RECORDED INFORMATION »
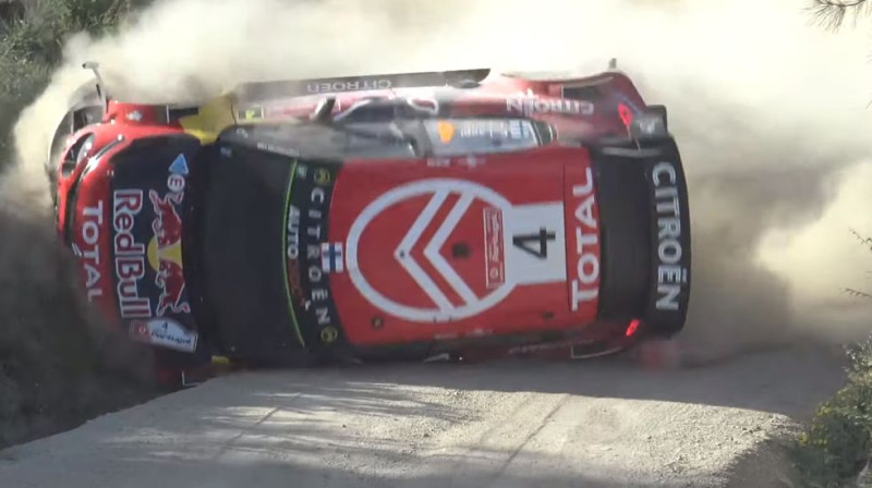 Viens no Portugāles WRC rallija līkumiem izrādījās ļoti viltīgs, un tajā rupjas kļūdas pieļāva arī vairākas vadošās un daudz pieredzējušās ekipāžas. Saslīdēja "Toyota" komandas pilots Kriss Mīke, bet "Citroen" pārstāvis Esapeka Lapi, aizķerot iekšmalu, pat uzmeta divus kūleņus. Video avots: https://www.youtube.com/watch?v=Ooe...
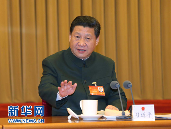 311日,中共中央總書記、國(guó)家主席、中央軍委主席習(xí)近平出席十二屆全國(guó)人大二次會(huì)議解放軍代表團(tuán)全體會(huì)議并發(fā)表重要講話。新華社記者李剛攝
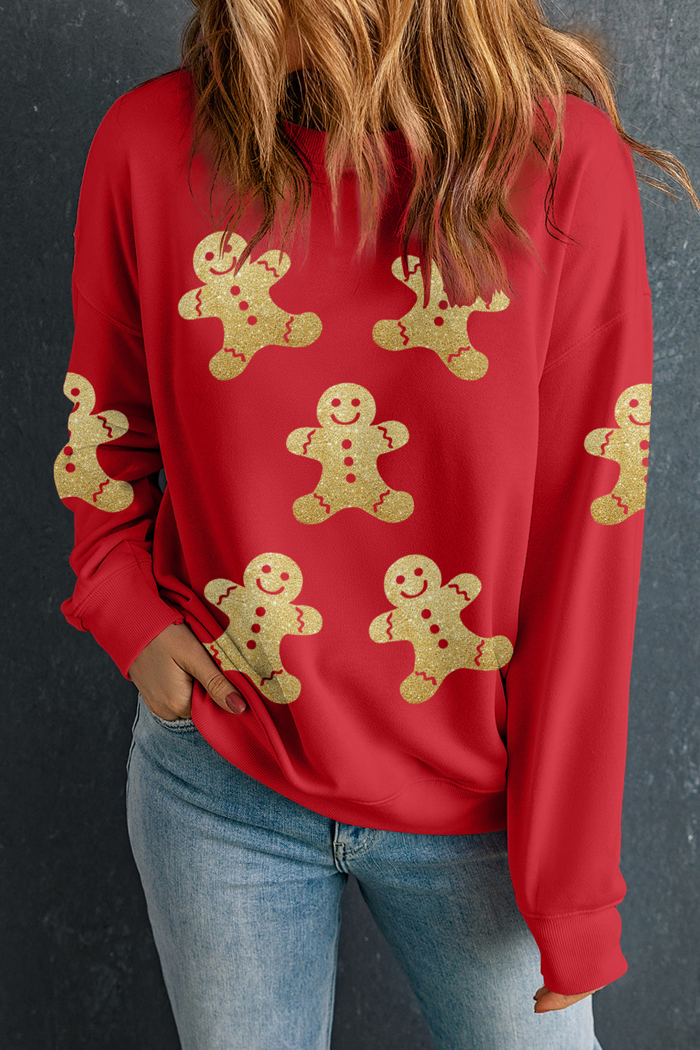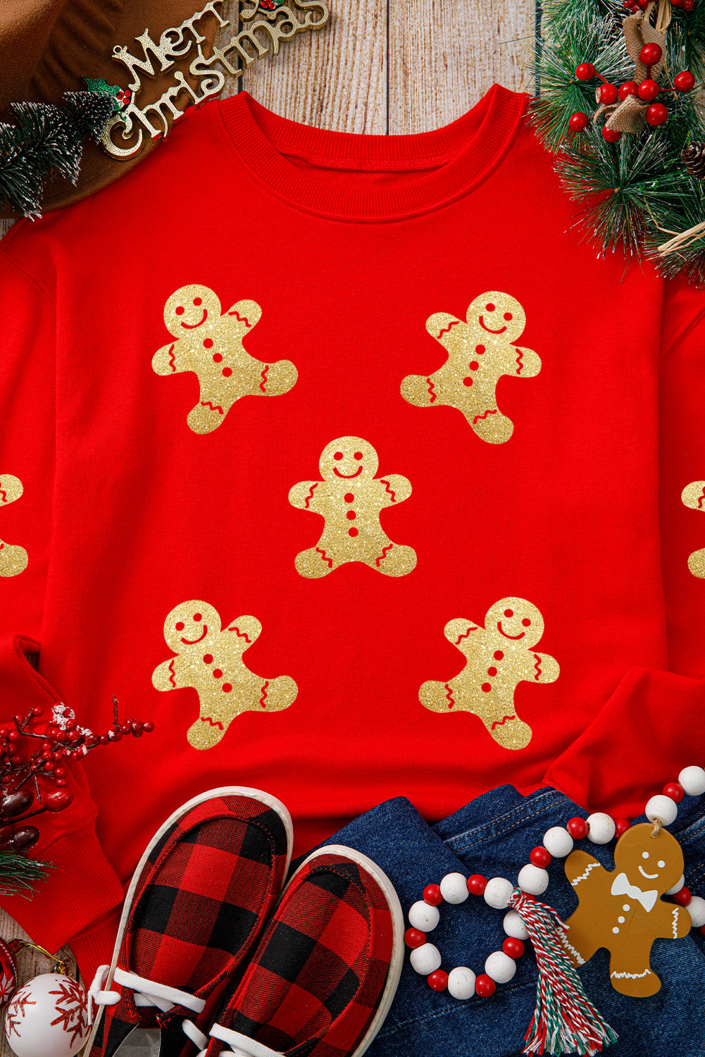 Red Cute Gingerbread Print Christmas Pullover Sweatshirt

REQUIRED WORK » In your copy, leave out the pictures and reproduce the material above exactly.

SOLUTION FOR THIS TASK »
 Viens no Portugāles WRC rallija līkumiem izrādījās ļoti viltīgs, un tajā rupjas kļūdas pieļāva arī vairākas vadošās un daudz pieredzējušās ekipāžas. Saslīdēja "Toyota" komandas pilots Kriss Mīke, bet "Citroen" pārstāvis Esapeka Lapi, aizķerot iekšmalu, pat uzmeta divus kūleņus. Video avots: https://www.youtube.com/watch?v=Ooe...
 311日,中共中央總書記、國(guó)家主席、中央軍委主席習(xí)近平出席十二屆全國(guó)人大二次會(huì)議解放軍代表團(tuán)全體會(huì)議并發(fā)表重要講話。新華社記者李剛攝
 Red Cute Gingerbread Print Christmas Pullover Sweatshirt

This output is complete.